As part of their supplementary material, the authors pre-computed rf and adaboost scores for every SNV in a library of nearly ~16 million such sites collated from human RefSeq and Ensembl databases.   The scores are probabilities of a particular SNV being splice-altering (0 to 1).

Exploratory analysis of the database

I performed an exploratory data analysis of chromosome 1 (chr1) SNVs from the  database that was made available with the paper.

First, I just looked at where the SNVs on chrom 1 were located as classified by Ensembl region:

chr1_num_variants_by_ensemblregion
Fig 1. Number of variants in the scSNV database on chromosome 1  by Ensembl region. Not surprisingly, ‘intronic’, ‘exonic’, and ‘splicing’ are the most common regions for potential splice-altering SNPs.

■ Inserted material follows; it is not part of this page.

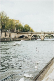 Serene view of swans and seagulls on the Seine River near an iconic stone bridge in Paris.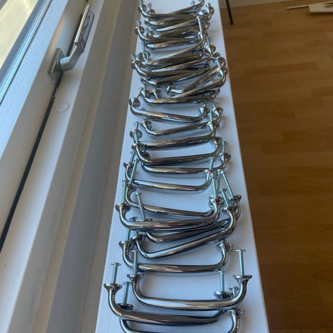 Handtag i borstad stål, 13 stycken. Ca 10,5 x 3 cm.

As can be seen from Fig 1, most of the SNVs are located in introns, exons, and splicing consensus sites according to their Ensembl records.

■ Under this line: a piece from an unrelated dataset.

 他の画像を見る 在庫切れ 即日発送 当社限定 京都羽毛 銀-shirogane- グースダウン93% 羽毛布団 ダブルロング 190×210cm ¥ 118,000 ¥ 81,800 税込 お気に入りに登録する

Next, I created histograms for the chrom 1 SNVs by their Ensembl classification, looking at rf scores only (keep in mind that the scale on the  y-axis for the plots in Fig 2 and 3 differs dramatically between regions).  The x-axis is the probability of being splice-altering according to the pre-computed rf score.

chr1_rfscore_by_ensemblregion
Fig 2. Random-forest (rf) score by ensembl region for the ~15 M scSNVs in the database.

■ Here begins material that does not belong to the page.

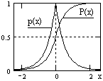1. Интервал определения функции: 0 £ P(x) £ 1, - ¥ < x < ¥. 2. P(-¥) = 0, P(¥) = 1. 3. P(x) не уменьшается при возрастании х. 4. P(x1<X £ x2) = P(x2) - P(x1). На рис. 8.3.2 приведен пример функции плотности вероятностей p(x) = (a/2)exp(-a|x|) и соответствующей функции вероятностей P(x). Аналогичным описанием для случайных дискретных величин является непосредственно дискретное распределение вероятностей их значений: Pi(x) = P(xi < Xi £ xi+1),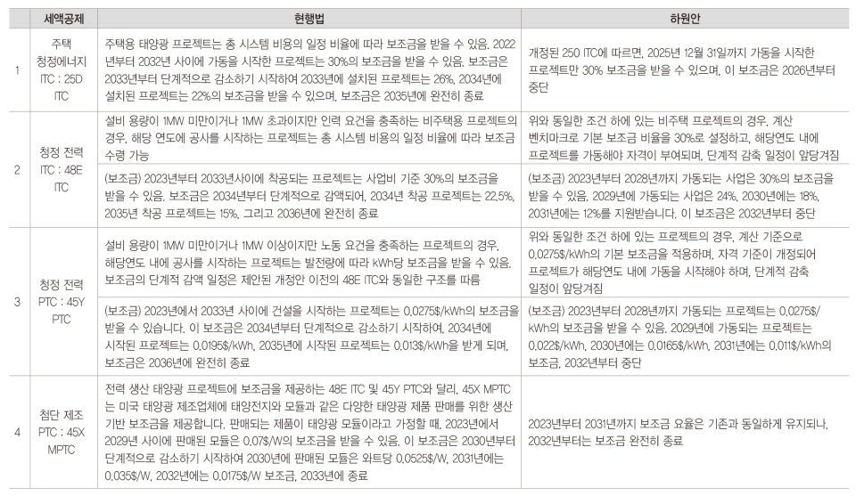주택용 태양광 및 ESS 부문의 경우, 투자세액공제(ITC) 만료일을 2025년 12월 31일로 제안해 미국 주택 시장에 충격을 주고 있다. 현행법에서 투자세액공제는 2032년 12월 31일까지 투자의 30%를 보장하다가 2033년 26%, 2034년 22%로 단계적으로 감소할 예정이다. 우드맥킨지(Wood Mackenzie)는 세액공제 종료 가속화로 인해 미국 태양광 제조업체의 자금조달 경로가 심각하게 방해를 받을 수 있다고 우려하고 있다.

I noticed the fact that within ‘exonic’ regions on chrom 1, the rf scores take on a range of values from 0.0 to 1.0 in a broad distribution, while in other regions like ‘UTR3’, ‘UTR5’, ‘downstream’, etc… the distributions are narrowly skewed towards zero.  For the ‘intronic’ region, the majority of sites have low probability of being splice-altering, while at the ‘splicing’ consensus sites, the vast majority are predicted to be splice-altering variants.  This appears to make intuitive sense.

I performed the same analysis for the adaboost scores, as shown in Fig 3 (below).  You can see that the adaboost scores take on a more binary distribution than the rf scores, with any individual SNV likely to be classified as ~1 or 0 according to the adaptive boosting method.  Just like the rf scores, SNVs in ‘exonic’ regions are equally likely to be splice-altering as not, while those in ‘splicing’ regions are highly likely to be splice-altering.  An SNV in an ‘intronic’ regions is ~3X more likely to have no effect on splicing.

chr1_adascore_by_ensemblregion
Fig 3. Ada score by Ensembl region for the scSNV database.

 

Finally, I looked at the relationship between the two scoring methods for the SNVs that fall within the Ensembl-characterized ‘splicing’ regions on chrom 1.  That scatter plot is shown below in Fig 4.

I suppose I was expecting a tight linear correlation between the two approaches, however the data show that the rf and adaboost methods differ substantially in their assessment of the collection of SNVs in these regions.

It is obvious from the plot below that there are many SNVs that the rf method considers to have low probability of being splice-altering that are found to have very high (>0.9) probability by the adaboost method.

Fig 4. Scatter plot of rf score vs. ada score for SNVs within 'splicing' regions on chrom 1.
Fig 4. Scatter plot of rf score vs. ada score for SNVs within ‘splicing’ regions on chrom 1.

This result would appear to suggest that if one is going to classify variants as “splice-altering” from this database, it would be best to consider both predictions or some combination of them rather than relying on either score alone if the goal is not to miss any potentially important sites.  Conversely, if the goal is to only consider sites with very high likelihood of being splice-altering, a threshold could be set such that both scores need to be above 0.8, for example.